--- Provided data Enclosed Below ---
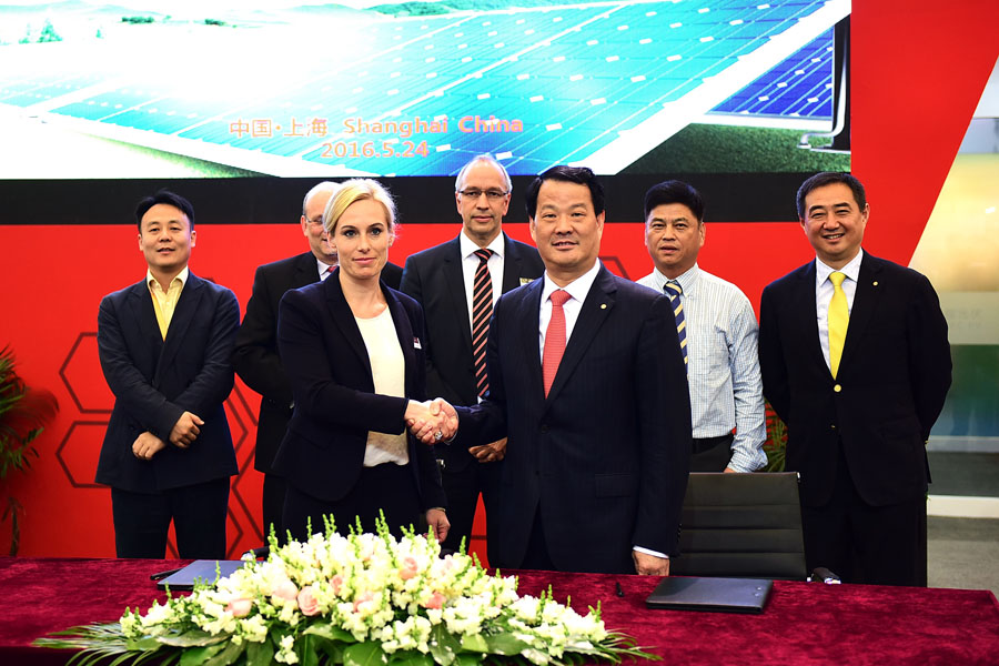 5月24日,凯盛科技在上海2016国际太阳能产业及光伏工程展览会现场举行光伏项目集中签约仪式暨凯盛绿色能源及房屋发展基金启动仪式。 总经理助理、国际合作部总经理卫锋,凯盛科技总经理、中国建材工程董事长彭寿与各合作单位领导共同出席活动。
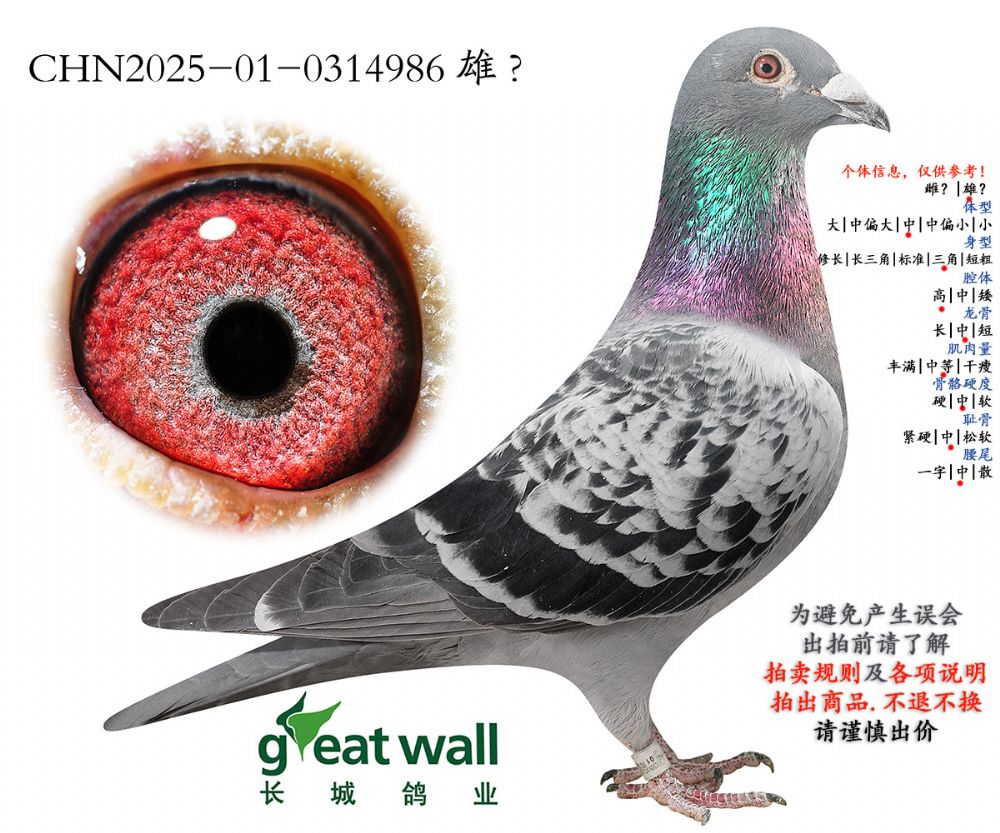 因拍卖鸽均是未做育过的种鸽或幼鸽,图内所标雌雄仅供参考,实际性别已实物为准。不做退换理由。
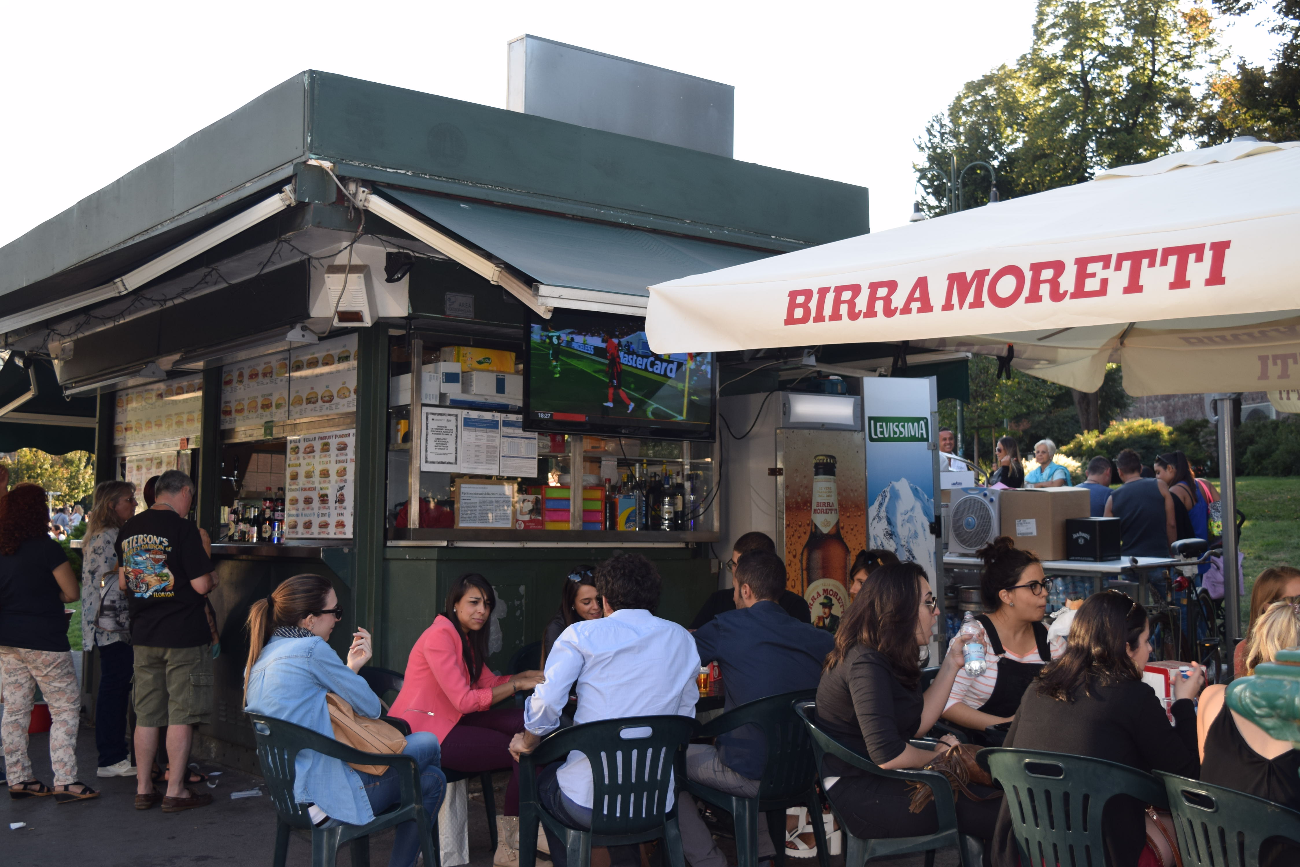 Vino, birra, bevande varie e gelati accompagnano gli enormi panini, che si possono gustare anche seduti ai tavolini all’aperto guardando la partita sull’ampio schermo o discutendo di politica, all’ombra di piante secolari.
--- End of Enclosed Provided data ---
**Exercise prompt:**
From the line containing "因拍卖鸽均是未做育过的种鸽或" through the last line of the data above, write out every line word for word, and nothing else. Do not include the pictures.

**Answer box:**
 因拍卖鸽均是未做育过的种鸽或幼鸽,图内所标雌雄仅供参考,实际性别已实物为准。不做退换理由。
 Vino, birra, bevande varie e gelati accompagnano gli enormi panini, che si possono gustare anche seduti ai tavolini all’aperto guardando la partita sull’ampio schermo o discutendo di politica, all’ombra di piante secolari.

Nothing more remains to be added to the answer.